The task calls for an exact retyping of the lines from the one holding "Содержит комплект уплотнительных" through the end of the listing, with pictures omitted and nothing added.

GIVEN MATERIAL: Begin

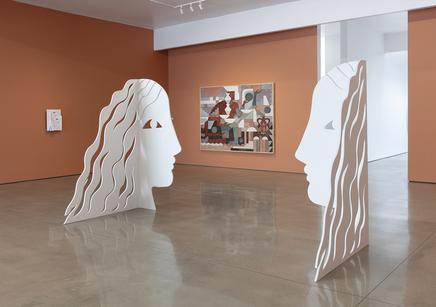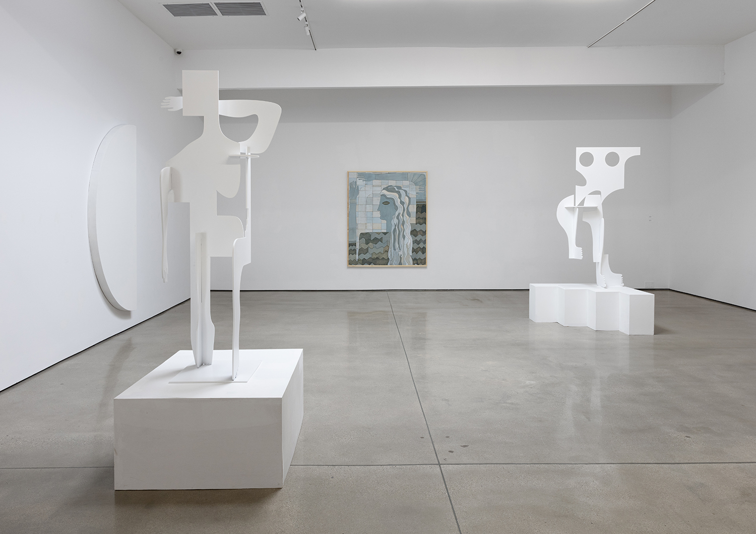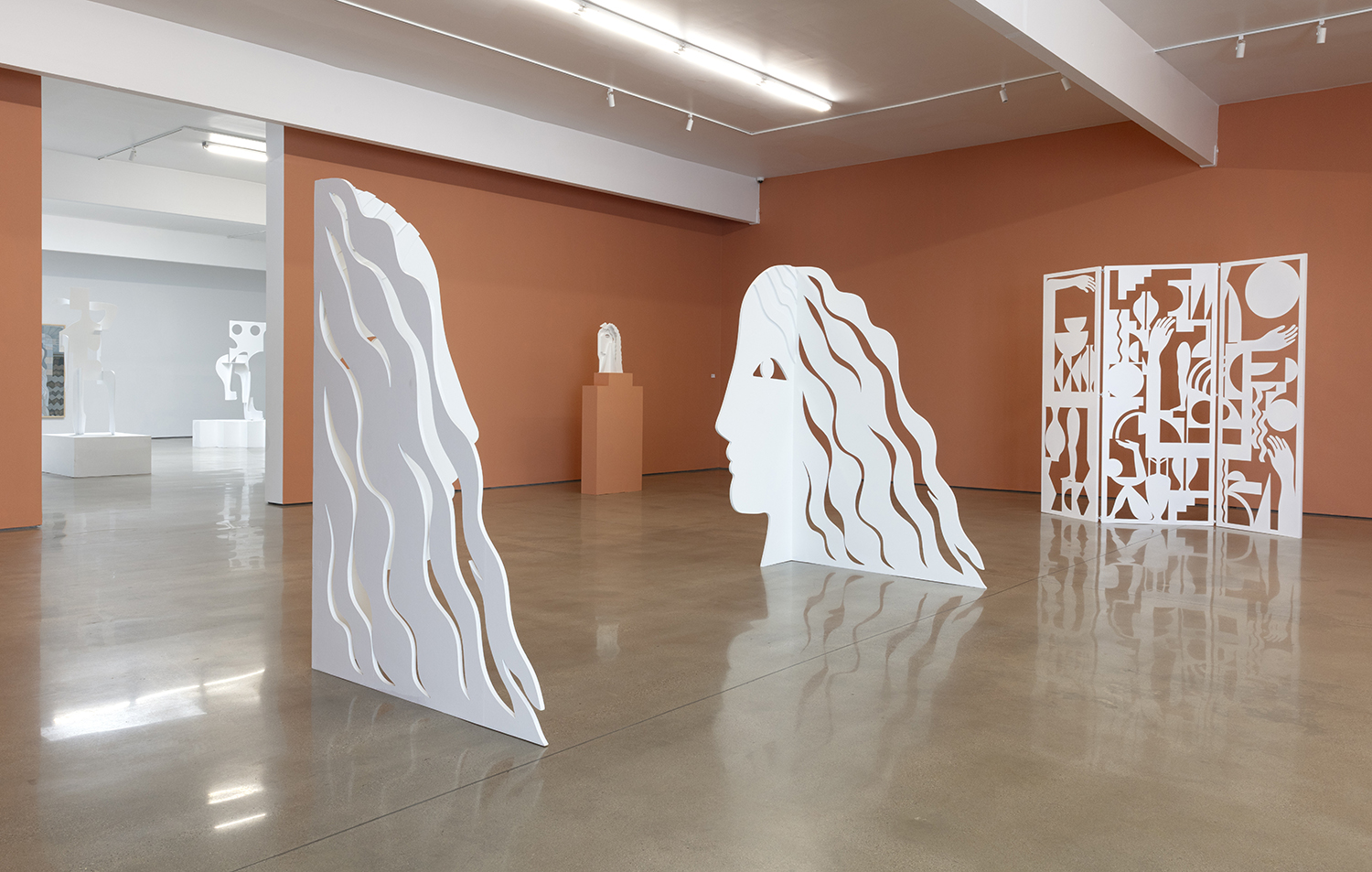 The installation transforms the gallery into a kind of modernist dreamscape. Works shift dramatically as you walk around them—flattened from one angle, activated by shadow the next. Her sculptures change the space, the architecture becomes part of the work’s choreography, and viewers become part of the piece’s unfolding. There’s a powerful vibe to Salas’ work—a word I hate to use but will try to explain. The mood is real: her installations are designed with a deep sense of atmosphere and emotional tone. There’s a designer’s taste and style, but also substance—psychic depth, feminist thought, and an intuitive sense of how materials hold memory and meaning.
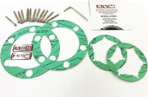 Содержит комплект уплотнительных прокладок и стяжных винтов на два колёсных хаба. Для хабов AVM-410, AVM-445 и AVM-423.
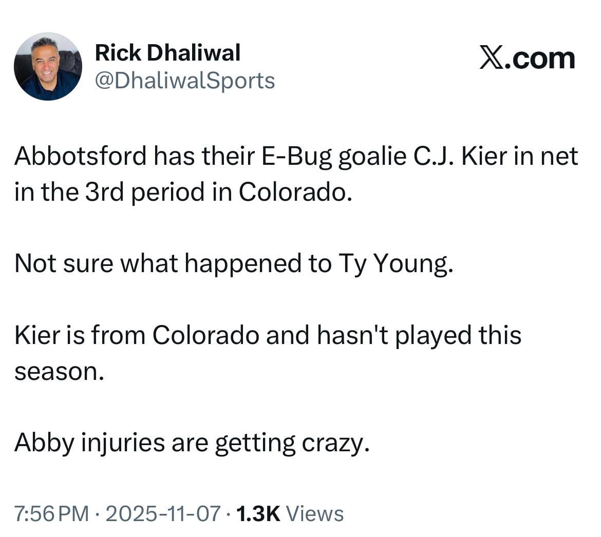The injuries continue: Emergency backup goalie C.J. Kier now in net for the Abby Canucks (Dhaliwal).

GIVEN MATERIAL: End

**EXERCISE ANSWER**:
 Содержит комплект уплотнительных прокладок и стяжных винтов на два колёсных хаба. Для хабов AVM-410, AVM-445 и AVM-423.
The injuries continue: Emergency backup goalie C.J. Kier now in net for the Abby Canucks (Dhaliwal).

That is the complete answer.